The mix needs to be airy, loose, and well-draining so that it doesn’t retain too much moisture and lead to root rot.
The recipe that I use is simply mixing six parts pine bark with one part pumice, although you can add some more materials if you want to make it more moisture retentive.
And if you want to go the extra mile, you can check out some more tips for making the best soil for aroids in the following video:
Fertilize Your Plant From Time To Time
All plants need nutrients in order to grow properly, and the same goes for your emerald palm.
You can feed it with well-balanced houseplant fertilizers, but make sure to dilute them properly so that they don’t burn your plant’s root system.
Fertilize the ZZ plant twice a year in spring and summer, and refrain from winter fertilization since it can do more harm than good.
Pro tip: If you’ve just repotted your Zanzibar gem, there’s no need to fertilize it if you’ve added earthworm castings to the soil mix or used a store-bought medium enriched with plant food.
Last, But Not Least, Repot It!
As you know, one of the reasons that your ZZ plant isn’t growing is pot bound roots. However, this plant likes it that way, which is why you shouldn’t move it too often.
But if it’s been a while and you’ve noticed that there hasn’t been much growth (or none at all) in the recent months, you can move it to a larger container (but no larger than 2 inches in diameter).
The first thing I like to do when repotting plants is to prepare their new home.
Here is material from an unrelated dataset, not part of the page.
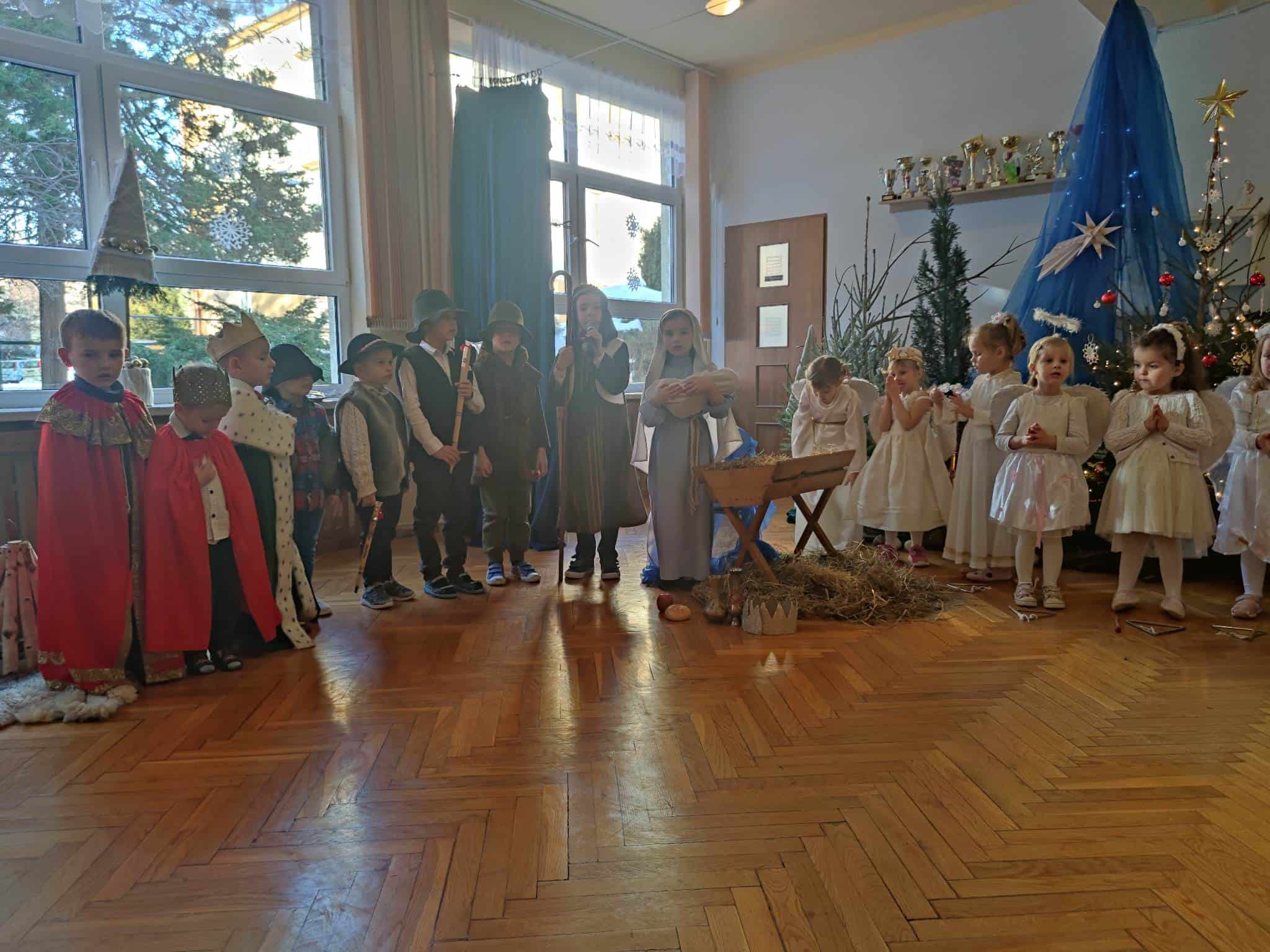 Wigilia Bożego Narodzenia to jeden z najpiękniejszych dni w roku, dlatego w naszej przedszkolnej społeczności przeżywamy go bardzo uroczyście. W tym dniu w każdej grupie, jak i w całym przedszkolu, już od samego rana panowała radosna, ożywiona atmosfera. Dzieci bardzo chętnie pomagały w przygotowaniach. Wspólnie nakrywały do stołu, ustawiały krzesła, rozkładały serwetki. O wyznaczonej godzinie wszystkie grupy zebrały się w holu naszego przedszkola, aby wziąć udział w uroczystej godzince adwentowej, przygotowanej przez Grupę Czerwoną z gościnnym udziałem dzieci z Grupy Zielonej i Pomarańczowej. Godzinka ta miała formę przedstawienia jasełkowego i swoją tematyką nawiązywała do historii narodzenia Pana Jezusa.

In the case of the ZZ plant, I like to use a terracotta pot with drainage holes as it is more porous and doesn’t collect condensation on its walls.
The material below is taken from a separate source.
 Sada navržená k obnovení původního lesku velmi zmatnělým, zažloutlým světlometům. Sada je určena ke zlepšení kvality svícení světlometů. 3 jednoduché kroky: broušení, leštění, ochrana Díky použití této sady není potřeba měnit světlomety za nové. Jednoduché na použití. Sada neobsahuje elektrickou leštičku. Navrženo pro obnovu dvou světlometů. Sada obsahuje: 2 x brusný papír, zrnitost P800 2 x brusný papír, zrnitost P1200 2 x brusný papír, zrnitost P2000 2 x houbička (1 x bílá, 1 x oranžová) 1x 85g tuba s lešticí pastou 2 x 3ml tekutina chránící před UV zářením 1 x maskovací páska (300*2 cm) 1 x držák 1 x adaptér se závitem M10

I then use some cut up panty hose to cover up the hole so that the mix doesn’t fall out and the roots don’t protrude from it (you can also use a nylon window screen if you don’t have this).
* To reduce the need for repotting, don’t cover the drainage hole. As the roots grow through it, you can just snip them and postpone this chore for a while.
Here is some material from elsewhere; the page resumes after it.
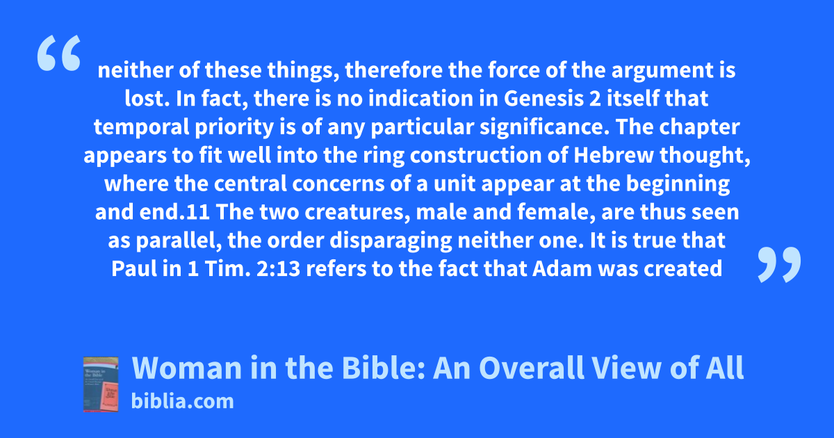 neither of these things, therefore the force of the argument is lost. In fact, there is no indication in Genesis 2 itself that temporal priority is of any particular significance. The chapter appears to fit well into the ring construction of Hebrew thought, where the central concerns of a unit appear at the beginning and end.11 The two creatures, male and female, are thus seen as parallel, the order disparaging neither one. It is true that Paul in 1 Tim. 2:13 refers to the fact that Adam was created

Afterwards, I place some growing medium in the bottom of the planter so that I can cover the plant’s roots without burying its rachis (we refer to this growth as stems, but they are actually compound leaves).
Then I take the plant out of its old container, divide its roots a bit so that they can spread into the new pot, cover it with more growing medium, and water it.
Pro tip: To reduce the need for frequent repotting, use terracotta pots since the ZZ plant roots can disfigure the plastic ones.
Here are some more excellent ZZ plant repotting tips, especially if you want to combine two plants in one pot:
One Thing That Doesn’t Help A ZZ Plant Grow: Pruning
ZZ plants have a naturally slow growth rate, and pruning their rachises (compound leaves) won’t speed up the pace.
In fact, the only thing that will happen is your Zanzibar gem looking worse.
However, if you notice any discolorations on the leaves (black spots, browning, or yellowing) or a sign of disease, you should remove the stems.
In this case, removing foliage will result in increased foliage growth, just like in many other plants. (6)
The plant won’t waste its energy on trying to recover the dying foliage and will be able to direct it towards the production of new growth.
If you notice your ZZ plant not growing, it’s most likely either due to its physiology, since this is a slow-growing plant, or because it has just entered dormancy.
However, sometimes it can be a sign of root rot, so you should check your plant’s roots if you have any reason to suspect this infection.
And if all’s well with your ZZ, you can try and speed up its growth by providing it the best conditions in terms of lighting, watering, humidity, temperature, soil, and fertilizer.
And, of course, don’t forget to repot it every couple of years since rootbound plants grow much slower (even though this one does prefer being in such a state).